Task to carry out:
Only the lines below from the one with "- The Create" through the one with "任品毅 教 授 必赢3003no1线路检测中心创新论坛第一千零九十六讲:通信辐射源个体识别" are to be written out, exactly and without any images.

Data for analysis:
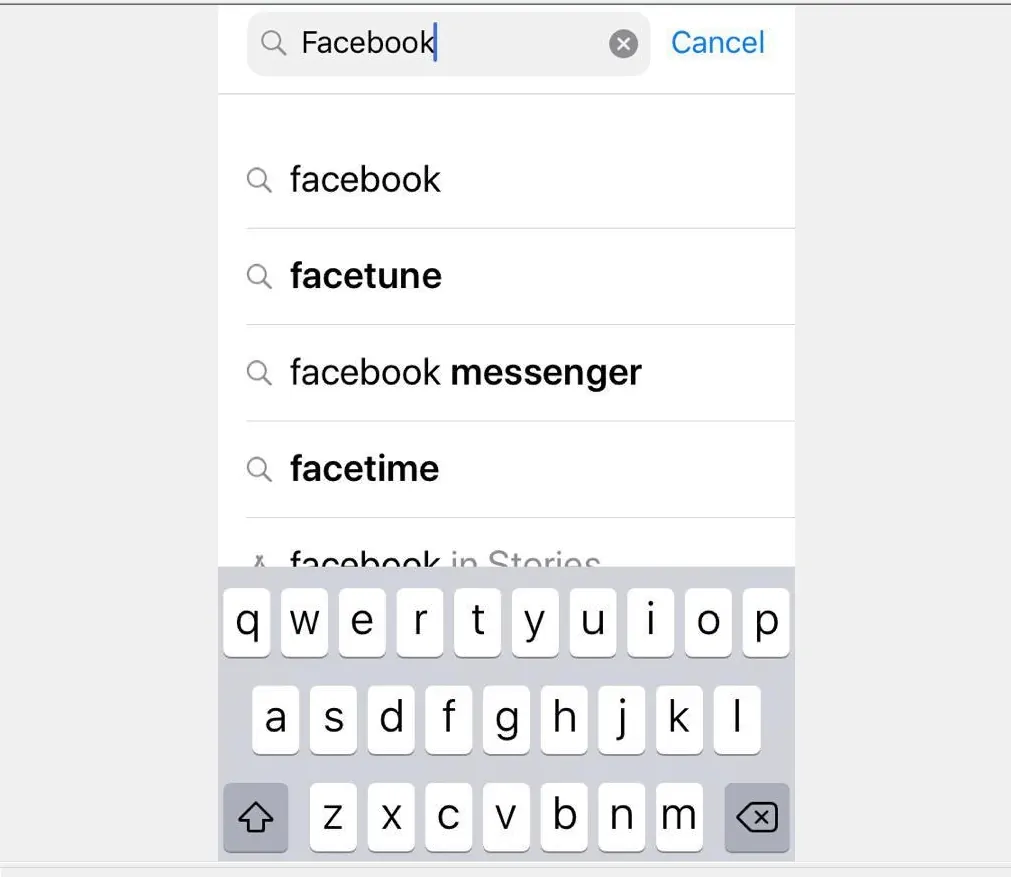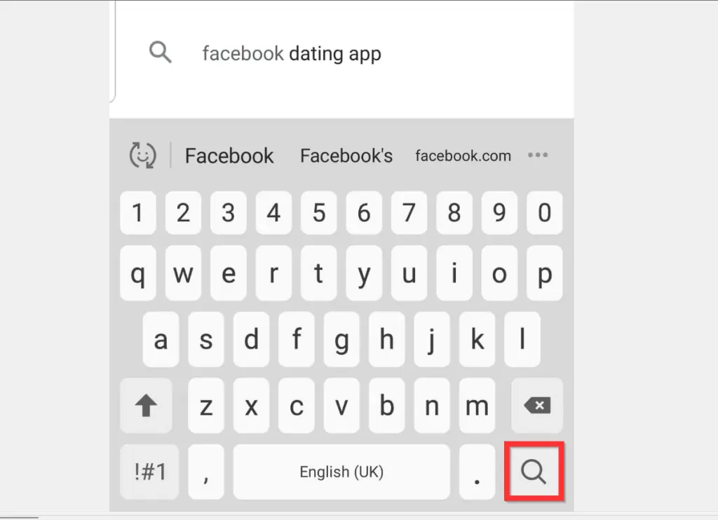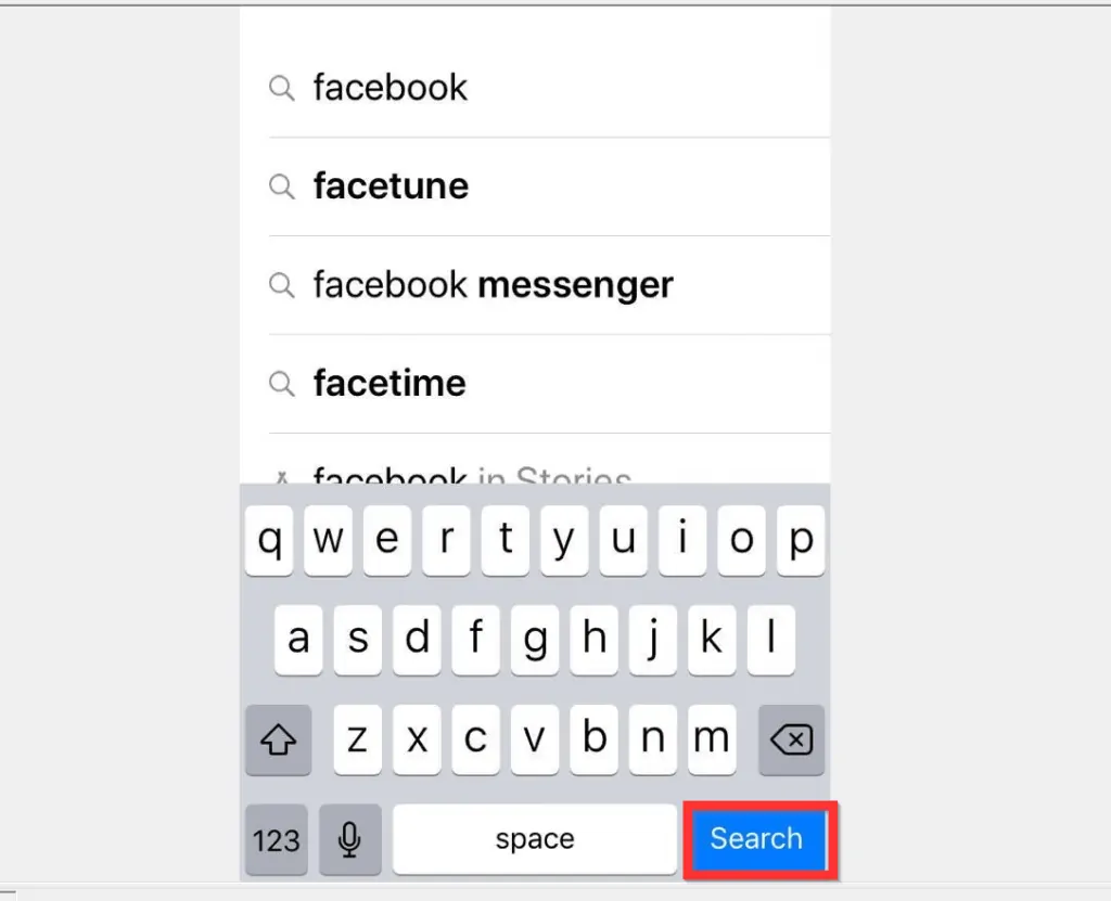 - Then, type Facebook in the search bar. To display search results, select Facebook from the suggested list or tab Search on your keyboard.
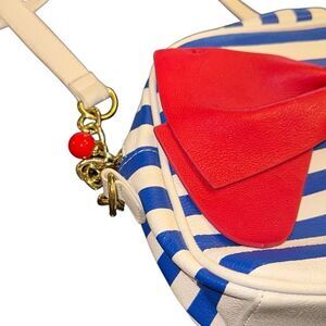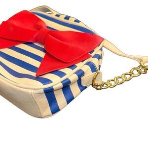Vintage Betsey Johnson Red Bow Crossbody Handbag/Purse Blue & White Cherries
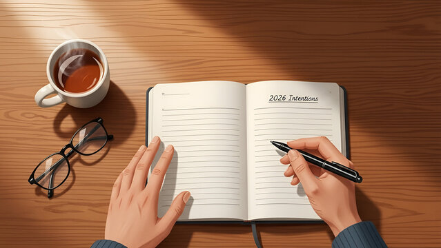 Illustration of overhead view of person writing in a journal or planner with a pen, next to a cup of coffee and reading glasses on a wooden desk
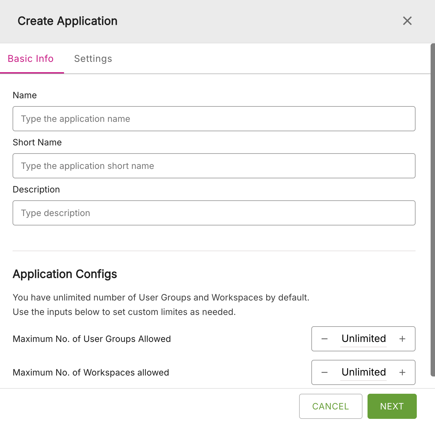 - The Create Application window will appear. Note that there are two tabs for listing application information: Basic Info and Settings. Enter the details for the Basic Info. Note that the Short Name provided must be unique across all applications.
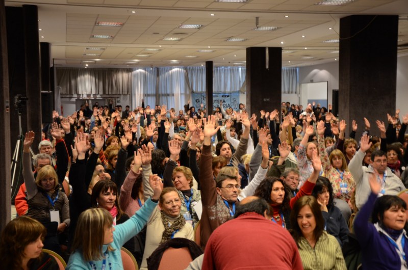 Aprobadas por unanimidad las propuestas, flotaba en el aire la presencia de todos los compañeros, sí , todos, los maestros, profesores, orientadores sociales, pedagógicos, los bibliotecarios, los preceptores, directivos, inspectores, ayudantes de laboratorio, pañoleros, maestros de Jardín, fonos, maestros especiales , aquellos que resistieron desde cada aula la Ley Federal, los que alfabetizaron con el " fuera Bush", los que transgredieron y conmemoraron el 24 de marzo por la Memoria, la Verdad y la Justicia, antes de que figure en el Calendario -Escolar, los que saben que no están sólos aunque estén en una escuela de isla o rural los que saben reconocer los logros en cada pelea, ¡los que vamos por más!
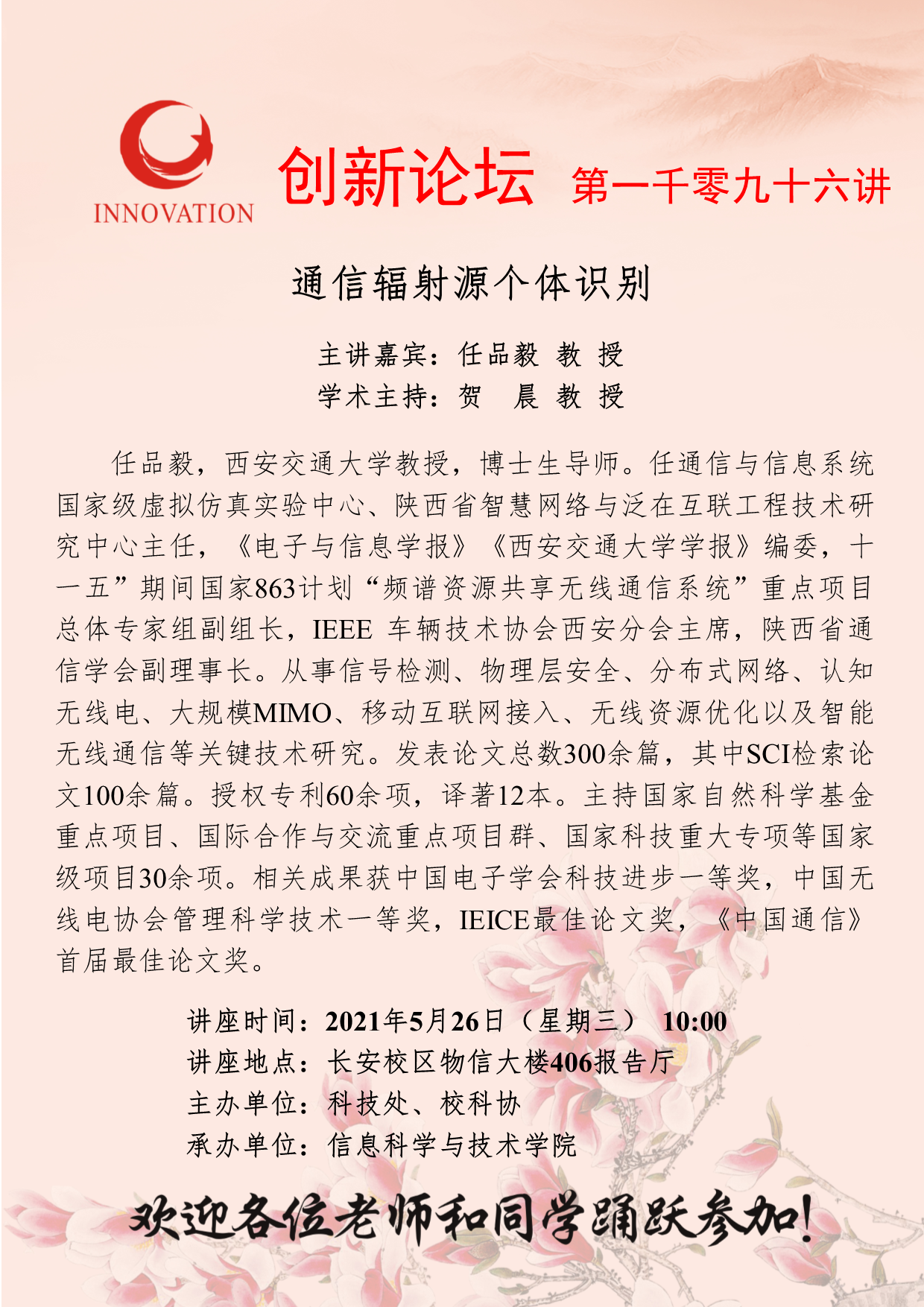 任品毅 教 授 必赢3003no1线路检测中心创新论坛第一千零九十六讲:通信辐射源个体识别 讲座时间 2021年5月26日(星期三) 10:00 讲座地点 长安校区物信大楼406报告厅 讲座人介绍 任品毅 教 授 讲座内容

--

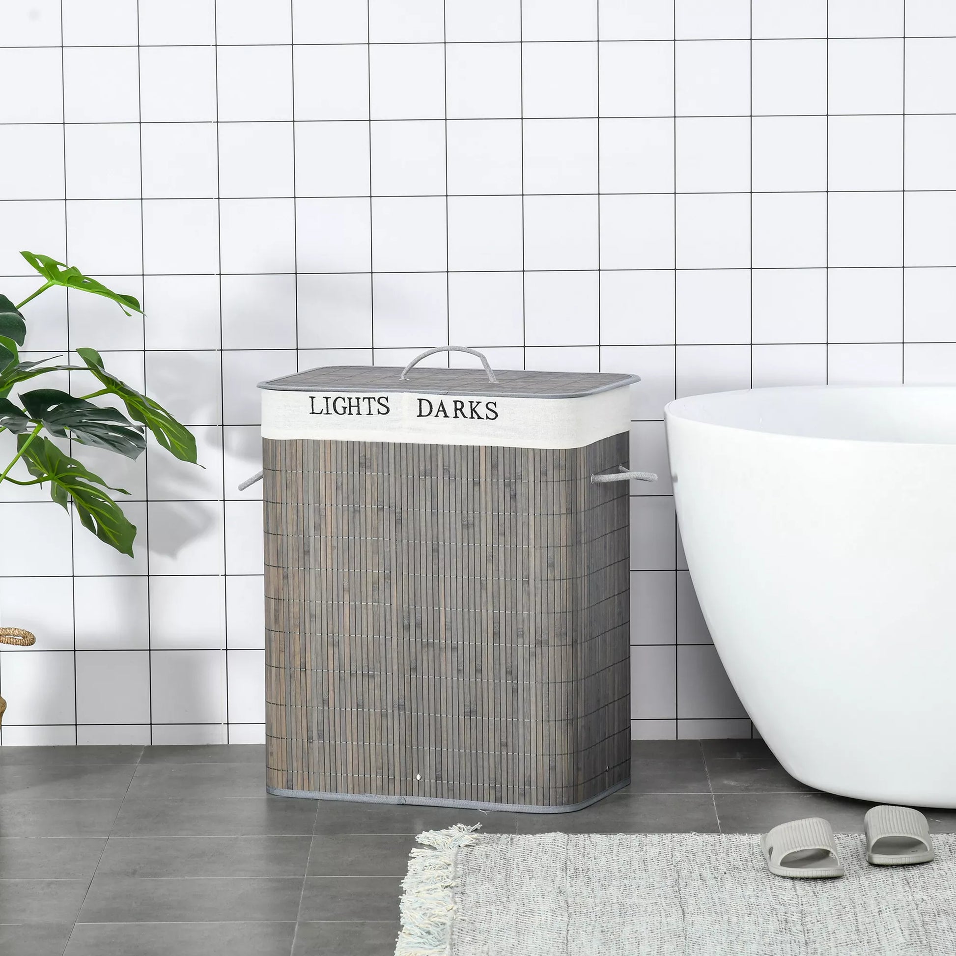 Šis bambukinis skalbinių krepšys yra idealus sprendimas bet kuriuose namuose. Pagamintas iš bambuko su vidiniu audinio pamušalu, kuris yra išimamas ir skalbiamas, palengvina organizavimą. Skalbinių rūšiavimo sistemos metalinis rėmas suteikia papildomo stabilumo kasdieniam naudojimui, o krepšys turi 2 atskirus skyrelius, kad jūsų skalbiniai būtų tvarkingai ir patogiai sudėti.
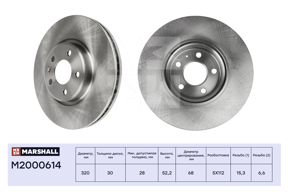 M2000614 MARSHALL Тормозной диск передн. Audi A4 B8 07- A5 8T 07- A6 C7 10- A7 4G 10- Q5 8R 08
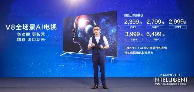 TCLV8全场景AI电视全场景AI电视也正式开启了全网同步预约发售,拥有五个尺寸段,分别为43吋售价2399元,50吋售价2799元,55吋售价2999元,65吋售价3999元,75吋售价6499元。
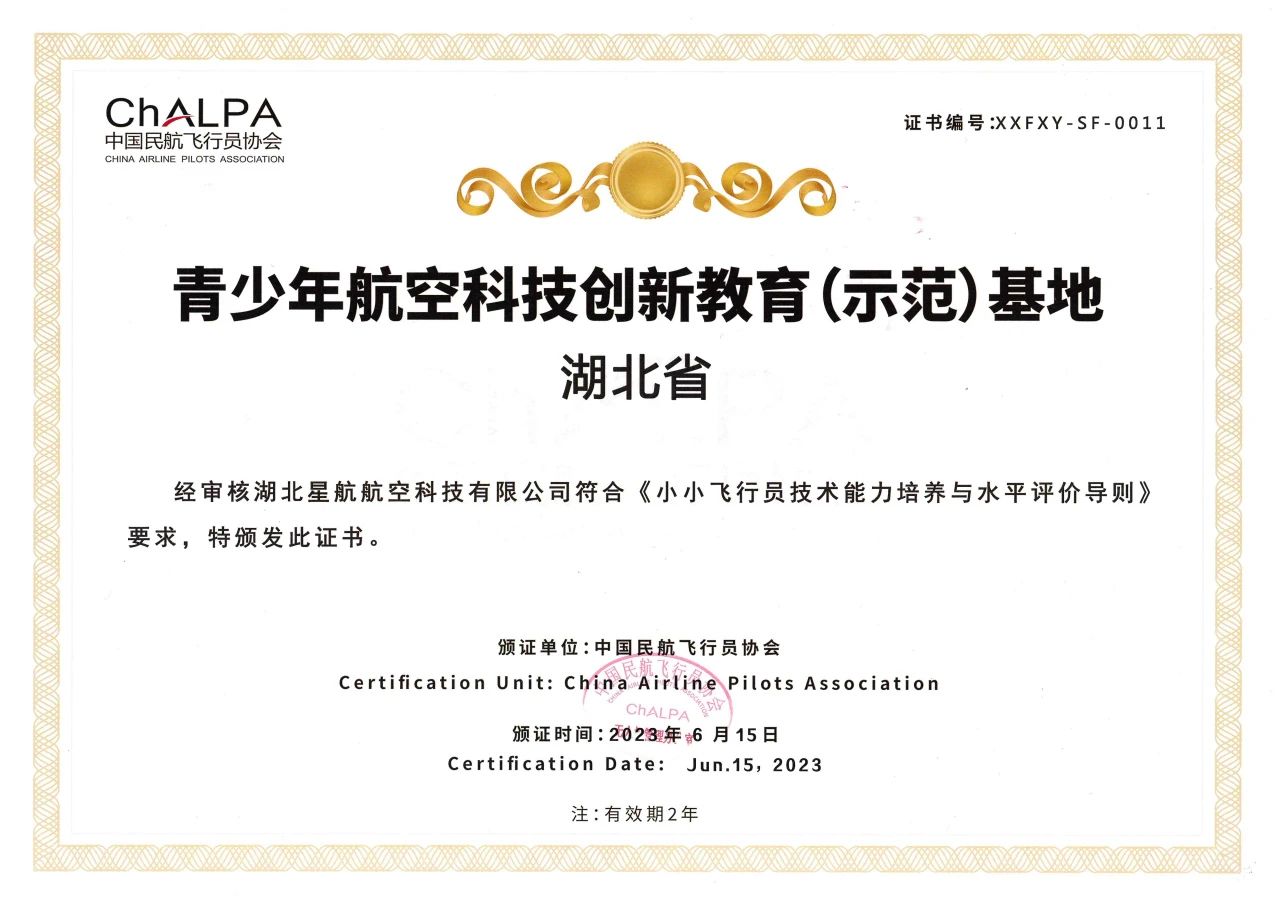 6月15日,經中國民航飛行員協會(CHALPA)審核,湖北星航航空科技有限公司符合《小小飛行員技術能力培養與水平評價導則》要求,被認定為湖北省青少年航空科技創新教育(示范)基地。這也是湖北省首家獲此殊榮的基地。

* * *

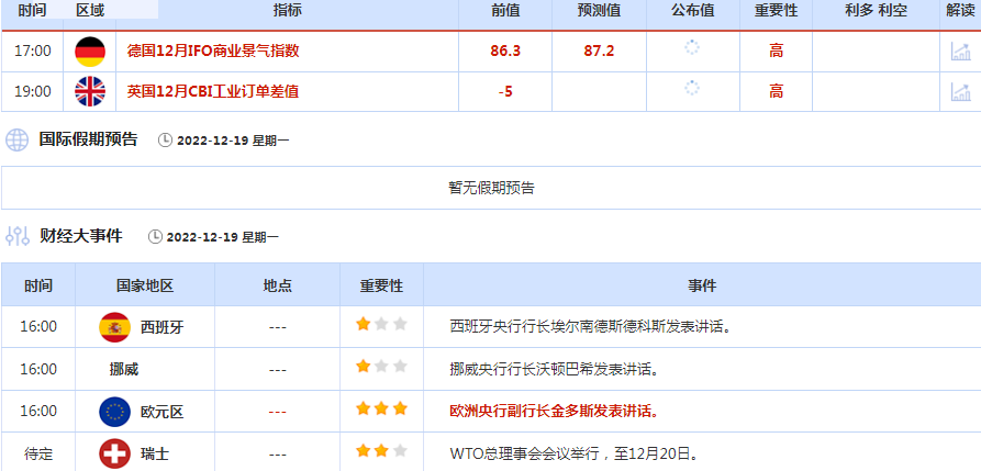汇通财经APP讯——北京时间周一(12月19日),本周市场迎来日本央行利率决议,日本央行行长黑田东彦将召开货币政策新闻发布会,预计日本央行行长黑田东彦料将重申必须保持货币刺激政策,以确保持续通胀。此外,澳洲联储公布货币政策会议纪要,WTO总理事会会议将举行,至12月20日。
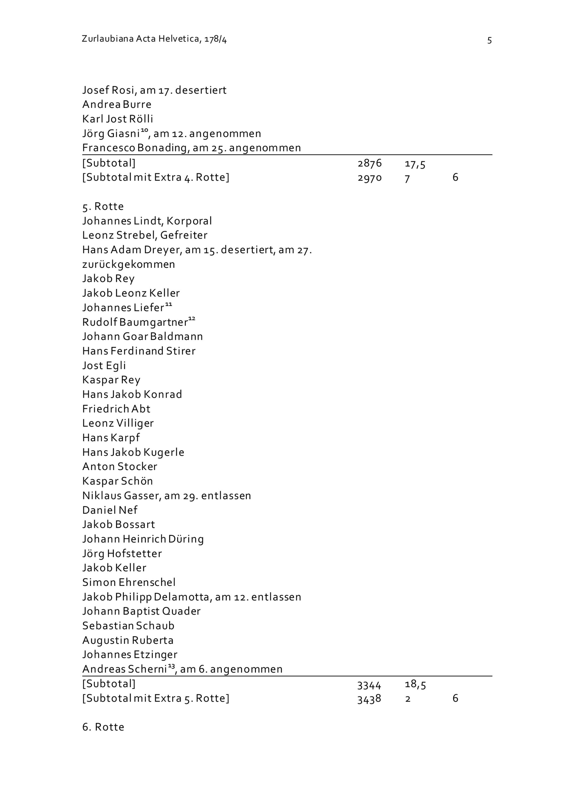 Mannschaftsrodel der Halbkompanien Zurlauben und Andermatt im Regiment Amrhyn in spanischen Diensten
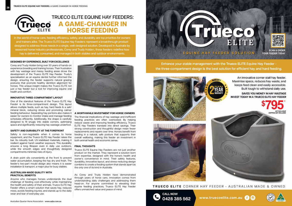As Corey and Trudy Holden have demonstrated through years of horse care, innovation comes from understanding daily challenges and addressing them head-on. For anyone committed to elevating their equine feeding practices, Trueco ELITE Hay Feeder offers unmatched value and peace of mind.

Task output:
 - The Create Application window will appear. Note that there are two tabs for listing application information: Basic Info and Settings. Enter the details for the Basic Info. Note that the Short Name provided must be unique across all applications.
 Aprobadas por unanimidad las propuestas, flotaba en el aire la presencia de todos los compañeros, sí , todos, los maestros, profesores, orientadores sociales, pedagógicos, los bibliotecarios, los preceptores, directivos, inspectores, ayudantes de laboratorio, pañoleros, maestros de Jardín, fonos, maestros especiales , aquellos que resistieron desde cada aula la Ley Federal, los que alfabetizaron con el " fuera Bush", los que transgredieron y conmemoraron el 24 de marzo por la Memoria, la Verdad y la Justicia, antes de que figure en el Calendario -Escolar, los que saben que no están sólos aunque estén en una escuela de isla o rural los que saben reconocer los logros en cada pelea, ¡los que vamos por más!
 任品毅 教 授 必赢3003no1线路检测中心创新论坛第一千零九十六讲:通信辐射源个体识别 讲座时间 2021年5月26日(星期三) 10:00 讲座地点 长安校区物信大楼406报告厅 讲座人介绍 任品毅 教 授 讲座内容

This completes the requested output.